[Recorded data]
+++
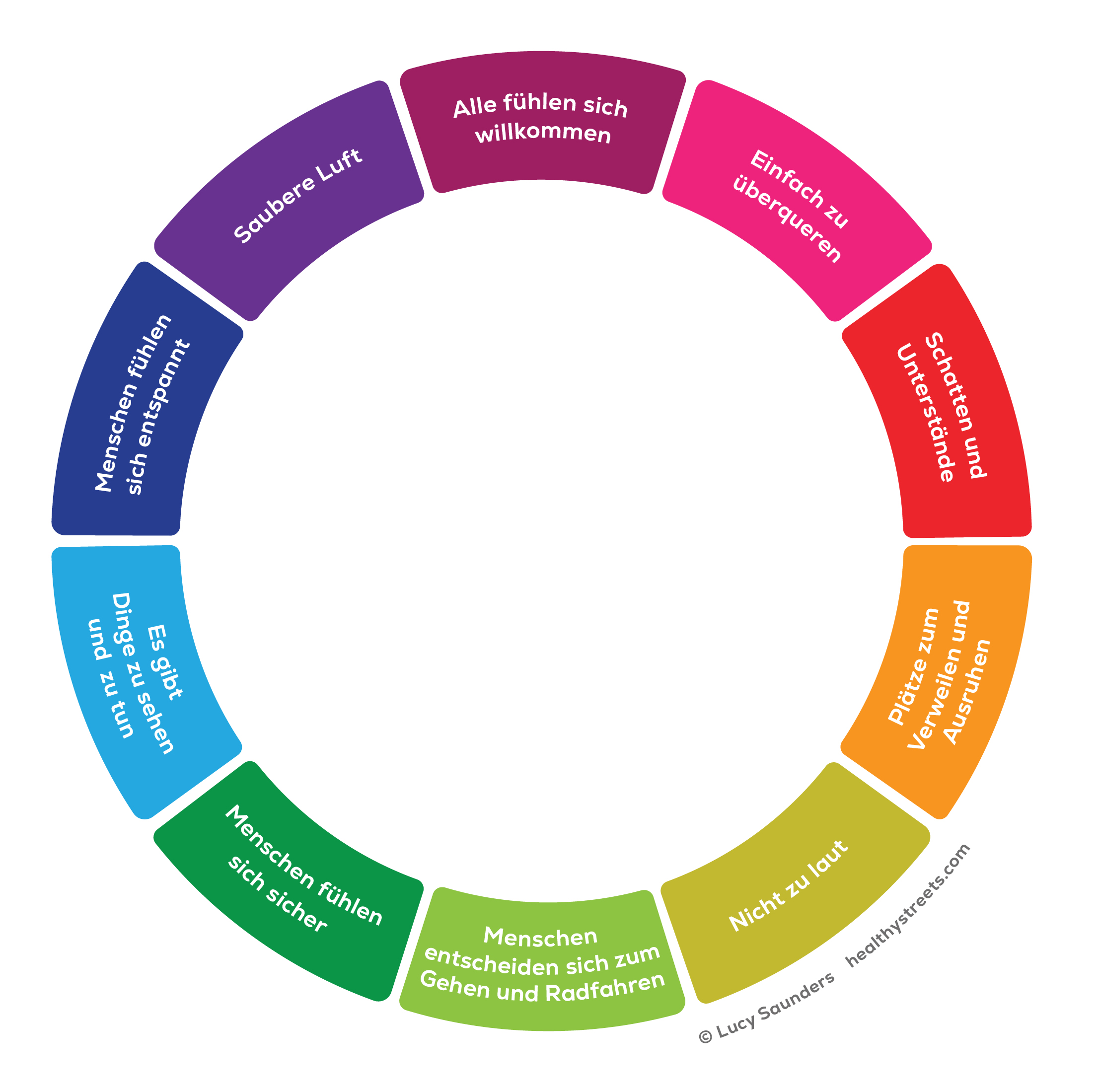 In einer Straße sollten alle Menschen willkommen sein und sich entspannt und sicher fühlen. Alles sollten gerne zu Fuß oder mit dem Fahrrad unterwegs sein und Zeit verbringen. Die 10 Healthy Streets Indikatoren spiegeln menschliche Erfahrungen im Straßenraum wider. Sie sind notwendig, um eine Straße einladend und gesund zu machen.
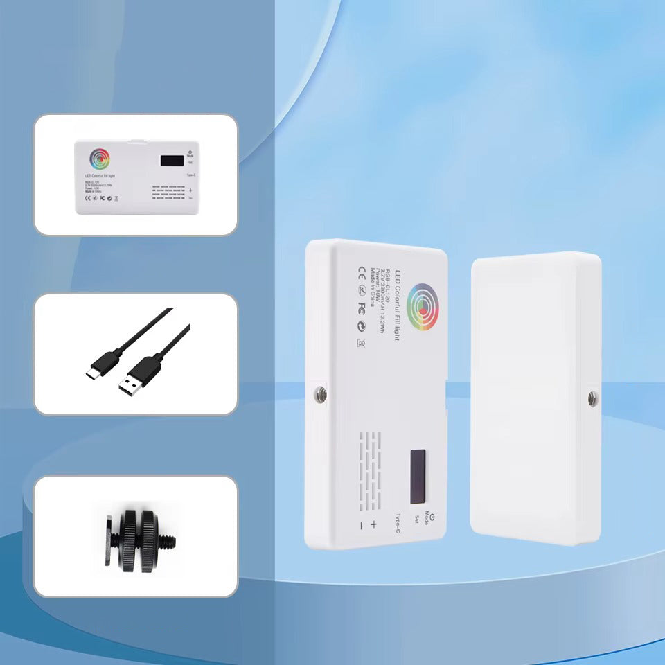High Quality, RGB LED Video Light Panel – Adjustable 2500–9000K Fill Light with LCD Display, Cold Shoe Mount for Live Streaming, Vlogging, and Apple Devices
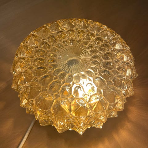 RZB plafond lamper fra 1970'erne. Glassene har en diameter på 20cm og er i perfekt stand. Monteringsbeslag i messing, har patina fra de 50 år som de har hængt i huset. 2 stk. identiske haves og prisen er for begge. Bud modtages også.
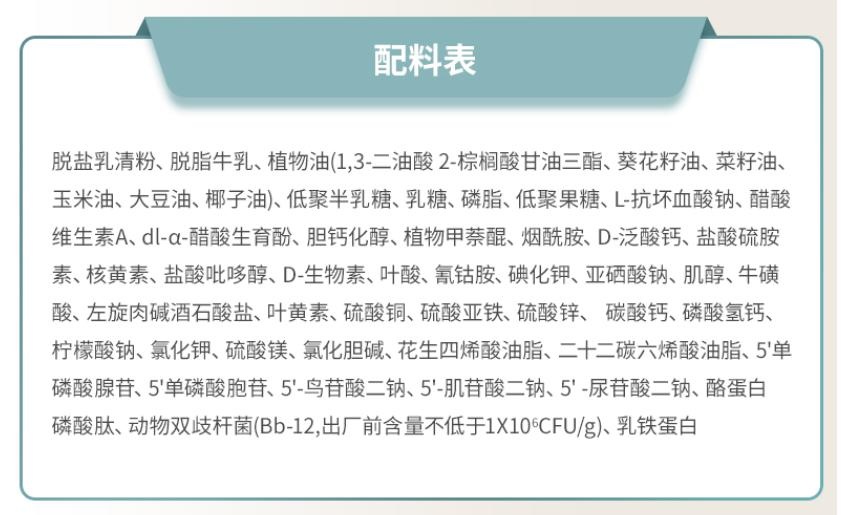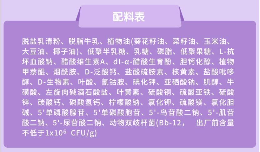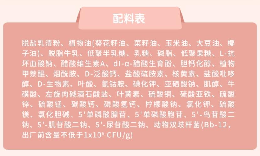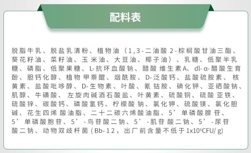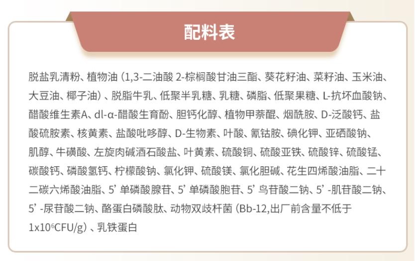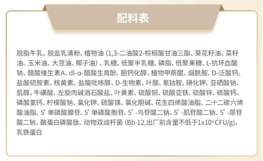 營養方面,樂享1-3段都是核苷酸、DHA等等6個常規強化配方齊全。此外,樂享各段數還添加了6個特色強化配方,分別是OPO(1,3-二油酸-2-棕櫚酸甘油三酯)、葉黃素、酪蛋白磷酸肽、乳鐵蛋白、益生元組合(低聚半乳糖+低聚果糖)、益生菌(動物雙歧桿菌),這些營養素在寶寶便秘、視力發育、吸收、免疫力、腸道等方面均起到積極作用。
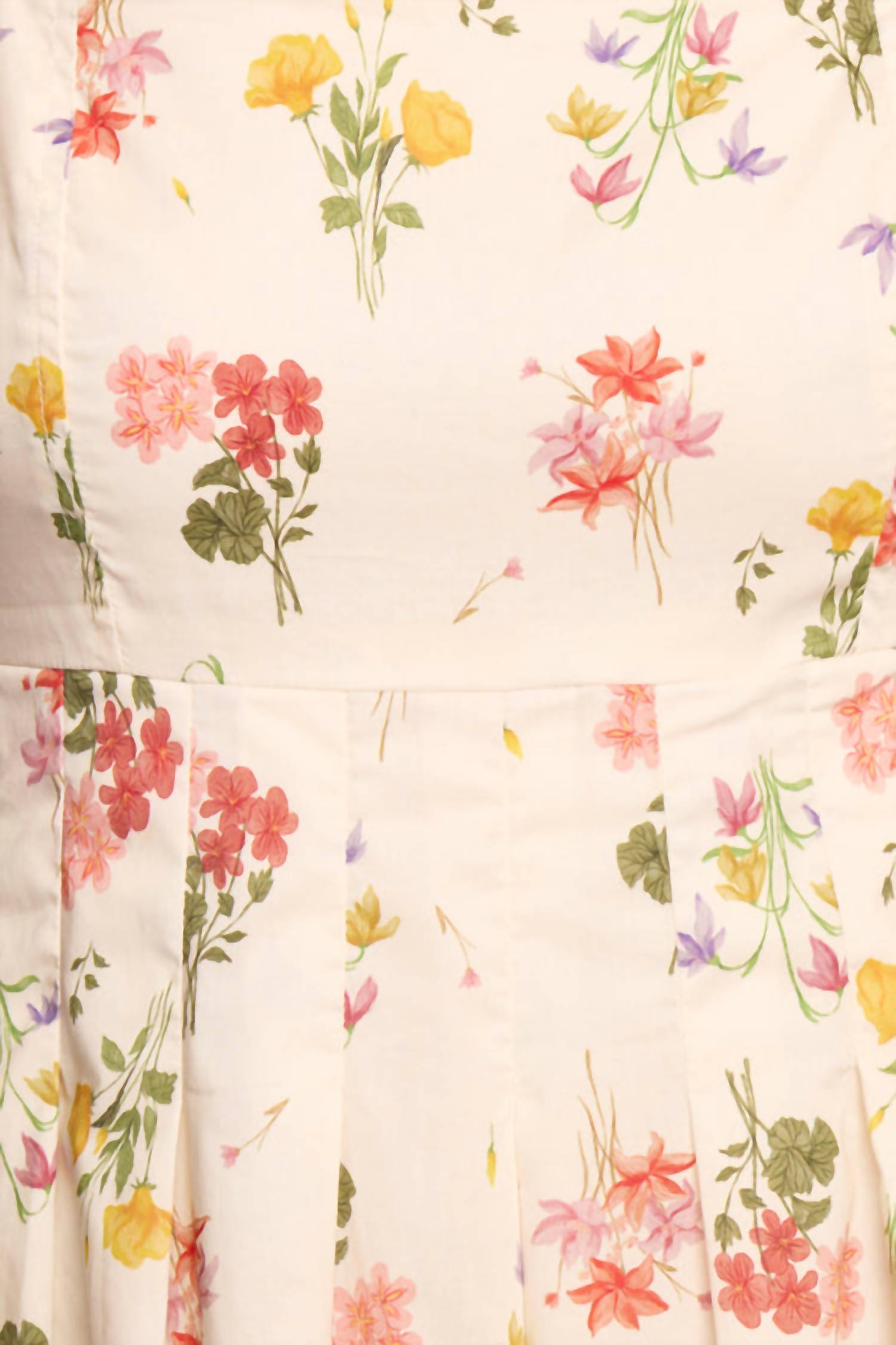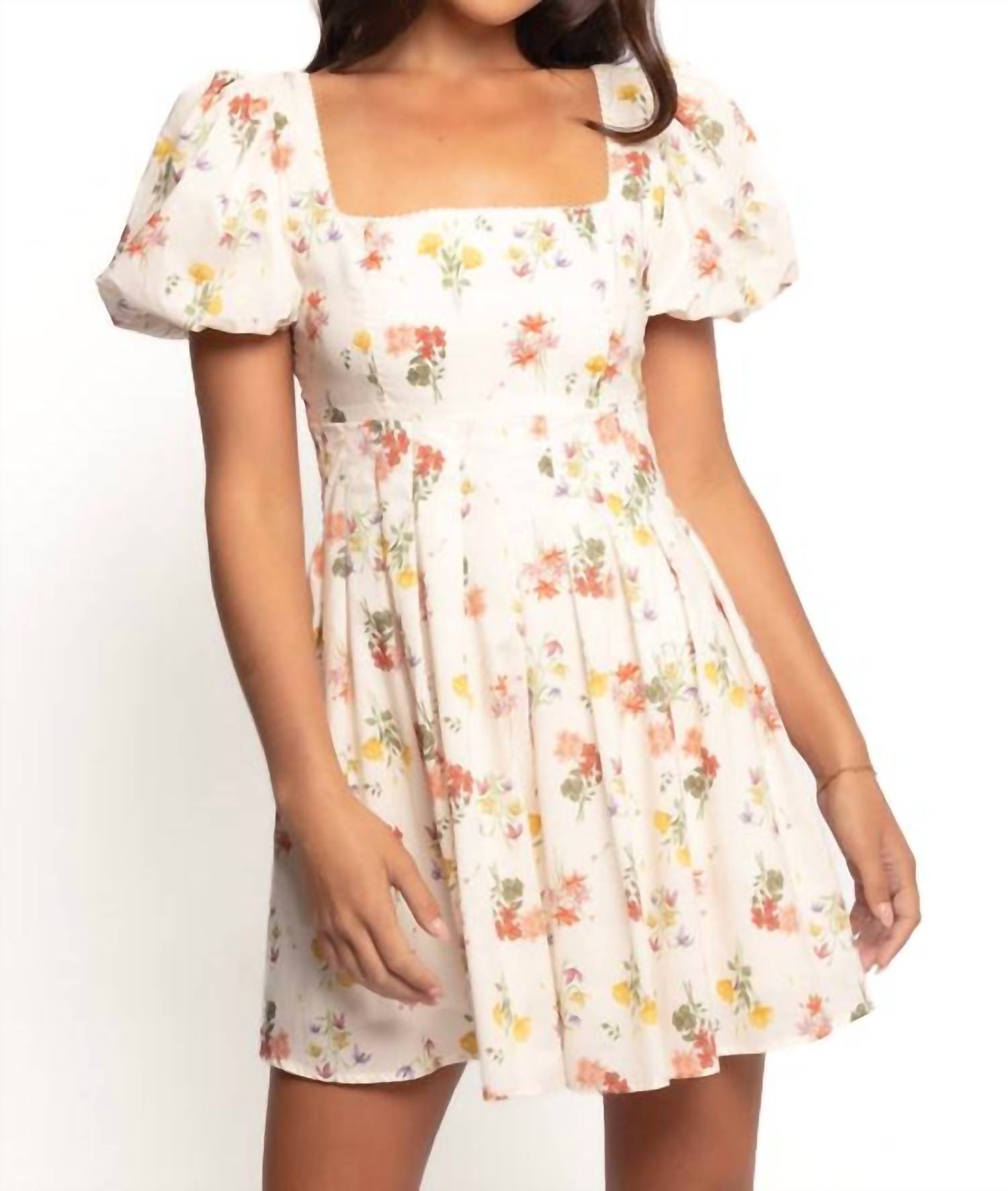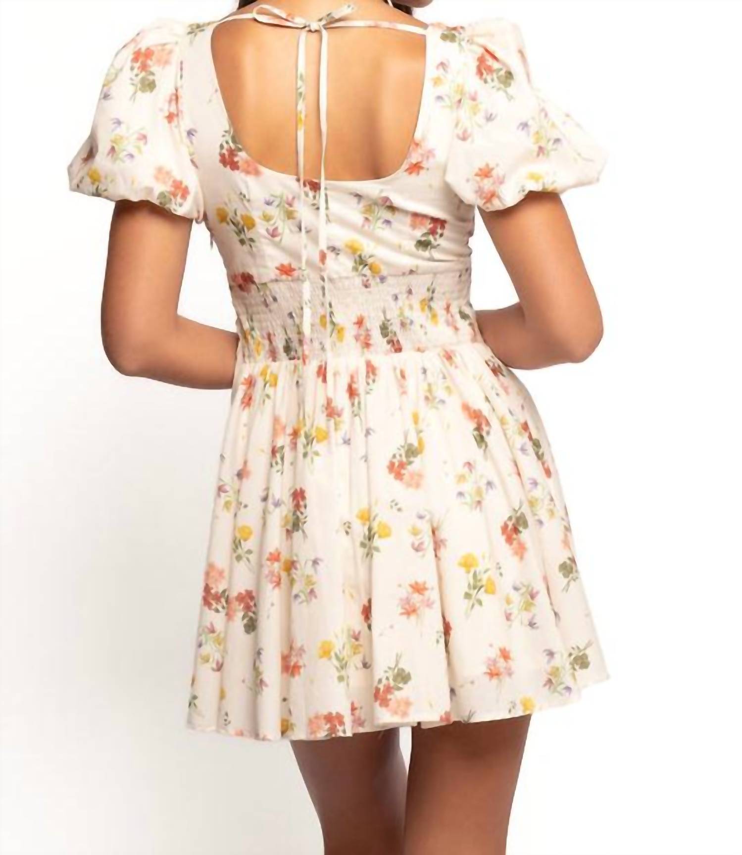 A short and breezy dress for those warmer days. Unveil your stylish side with the Floral Square Neck Dress by MABLE, a delightful piece in cream for spring and summer occasions. This mini dress is crafted from 100% Rayon for the shell and fully lined with 100% Polyester, featuring puffed short sleeves and a trendy square neckline. Enjoy the ease of a side zipper and the elegance of an open tie back. With a garment length from shoulder of 32" and a bust of 30" in size small, this dress is perfect for an effortless beach day or a boho chic outing.
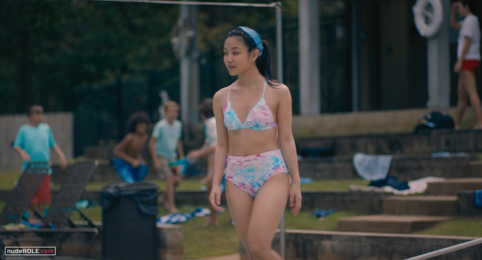 Anna Mikami as Phoebe plays sexy in the film “The Map of Tiny Perfect Things”, wich premiered in 2021. She showed figure in a bikini.
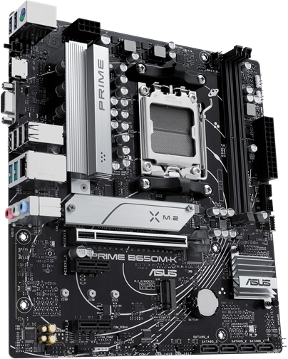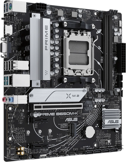 Материнская плата ASUS PRIME B650M-K (Socket AM5, mATX, 2xDDR5(96GB), VGA/HDMI 2.1, 1xPCIe 4.0x16/2xPCIe 4.0, 1xLAN (2.5GbE), 4xSATA 6Gb/s, 2xM.2, 4xUSB 3.2, 4xUSB 2.0, 1xPS/2) [PRIMEB650M-K]
+++
Aim of the task:
Begin with the first line of the entries above and write out each line exactly, ending with the line containing "RZB plafond lamper". Leave out pictures.

Solution below:
 In einer Straße sollten alle Menschen willkommen sein und sich entspannt und sicher fühlen. Alles sollten gerne zu Fuß oder mit dem Fahrrad unterwegs sein und Zeit verbringen. Die 10 Healthy Streets Indikatoren spiegeln menschliche Erfahrungen im Straßenraum wider. Sie sind notwendig, um eine Straße einladend und gesund zu machen.
High Quality, RGB LED Video Light Panel – Adjustable 2500–9000K Fill Light with LCD Display, Cold Shoe Mount for Live Streaming, Vlogging, and Apple Devices
 RZB plafond lamper fra 1970'erne. Glassene har en diameter på 20cm og er i perfekt stand. Monteringsbeslag i messing, har patina fra de 50 år som de har hængt i huset. 2 stk. identiske haves og prisen er for begge. Bud modtages også.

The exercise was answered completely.